The analyzed data was recorded with a DUB SkinSkanner 75 camera and originally had dimensions of 2067 by 1555 pixels. The images were from both the areas lesions, as well as from healthy forearm skin in the case of the control group. Based on the segmented areas of epidermis, tumor lesions and SLEB layer were then used to obtain skin layer maps, used in the subsequent analysis of the focus areas of models taught to recognize selected classes on HFUS images.

Models

Four architectures, often used in medical image analysis issues, were selected for the study.

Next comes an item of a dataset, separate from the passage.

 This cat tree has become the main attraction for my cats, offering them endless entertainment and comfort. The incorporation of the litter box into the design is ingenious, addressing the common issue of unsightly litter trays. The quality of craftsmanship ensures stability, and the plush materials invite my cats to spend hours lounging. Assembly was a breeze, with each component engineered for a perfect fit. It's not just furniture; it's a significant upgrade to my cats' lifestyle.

The selected models are:

DenseNet201
GoogLeNet
MobileNet v2
ResNet101

A k-fold cross-validation (k=5) was applied during the study. All images had a target size of 224 × 224 pixels.

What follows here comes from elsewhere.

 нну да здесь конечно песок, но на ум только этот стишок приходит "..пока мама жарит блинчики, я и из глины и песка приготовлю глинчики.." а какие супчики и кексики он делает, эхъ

Transfer learning (ImageNet dataset) and also data augmentation (rotation and reflection in the vertical axis) were applied.

Saliency methods

Choosen saliency methods can be divided as below:

	general maps	detailed maps
based on gradients	EigenGrad-CAM	GradientShap
	Grad-CAM	Integrated Gradients
	Grad-CAM++	Saliency
	HiRes-CAM
not using gradients	Ablation-CAM	Occlusion (detail will depend on the window used)
	Score-CAM

The following were used to determine heat maps:

https://github.com/pytorch/captum

https://github.com/jacobgil/pytorch-grad-cam

Saliency based evaluation

The selected evaluation criteria, determined by the performance of the model on the test set, take into account:

correct localization of areas by the model, as determined by the Hit Rate parameter,
proper identification of details in the image, determined by the coverage of the heat map and skin layer map,
the performance of the model on the test set.

Localization ability was assessed by the Hit Rate, which determines the hits of the peak of the relevance map to the relevant regions of the skin layer map. The calculation method took into account gradual changes in the importance of regions and scored hits on a scale of 3 to -1. It also partially rewarded in this way the focus of the model on regions below the most important area:

The resolution of the model was determined by the degree to which it focuses on the most important elements of the image. It was determined in two ways, based directly on the heat map and on the masks generated from it.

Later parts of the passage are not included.